The following question is question no. 5.27 on p. 282 of Boyd & Vendenberghe's Convex Optimization (Cambridge University Press, 7th Printing, 2009):
Consider the equality contrained least-squres problem $$ \begin{align*} \text{minimize}\quad&\|Ax-b\|_2^2\\ \text{subject to}\quad& Gx=h \end{align*} $$ where $A \in \mathbb{R}^{m\times n}$ with $\text{rank}(A) = n$, and $G \in \mathbb{R}^{p\times n}$ with $\text{rank} G = p$.
Give the KKT conditions, and derive expressions for the primal solution $x^*$ and the dual solution $\nu^*$.
The following is the beginning of a solution to this problem that I found on the Internet:
The Lagrangian is $$ \begin{align*} L(x,\nu) &= \|Ax-b\|_2^2 + \nu^T(Gx-h)\\ &= x^TA^TAx + (G^T\nu - 2A^Tb)^Tx - \nu^Th, \end{align*} $$ with minimizer $x = -(1/2)(A^TA)^{-1}(G^T\nu-2A^Tb)$. The dual function is $$ g(\nu) = -(1/4)(G^T\nu-2A^Tb)^T(A^TA)^{-1}(G^T\nu-2A^Tb)-\nu^Th $$
I don't understand why $x$ is $L$'s minimizer.
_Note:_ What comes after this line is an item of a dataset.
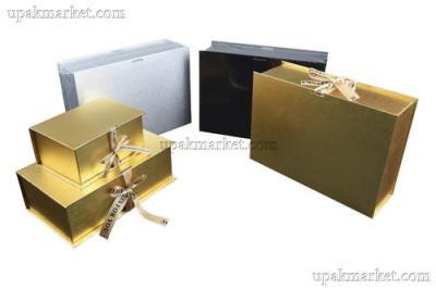 280*200*80мм, коробки в виде шкатулок, три блестящие расцветки с тиснением, атласный бант.
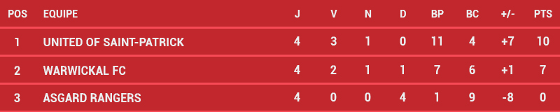Pour continuer à espérer, Warwickal devait s'imposer en déplacement à Asgard, avant un match décisif à domicile. Les deux équipes se procurent des occasions en début de match, et si les plus franches sont côté Asgard, Jerry Khan est solide dans ses cages. En fin de première mi-temps, la tendance s'inverse, mais Supram répond à son homologue pour conserver un score nul à la pause. En seconde période, ce sont bien les Lion Lads qui prennent le dessus, mais les Rangers ne plient pas ... Jusqu'à ce missile d'Ivan Marcone à deux minutes de la fin du temps réglementaire. Le milieu profite d'une passe en retrait de Sukjaerson pour frapper sans contrôle bien au-delà de la surface. Cette fois, Supram n'y peut rien et le ballon transperce les filets. Les Lion Lads assurent le minimum syndical et joueront le match de la qualification à domicile face à Saint-Patrick.

If $x$ were the global minimizer of $L$ then, yes, I would understand why it must be the expression above. However, when we calculate the dual function $g$, we are supposed to minimize only over the feasible set of the primal problem (see excerpt below from p. 216 of the textbook), i.e. in this case over the set $\mathcal{D} = \{x :\ Gx=h\}$.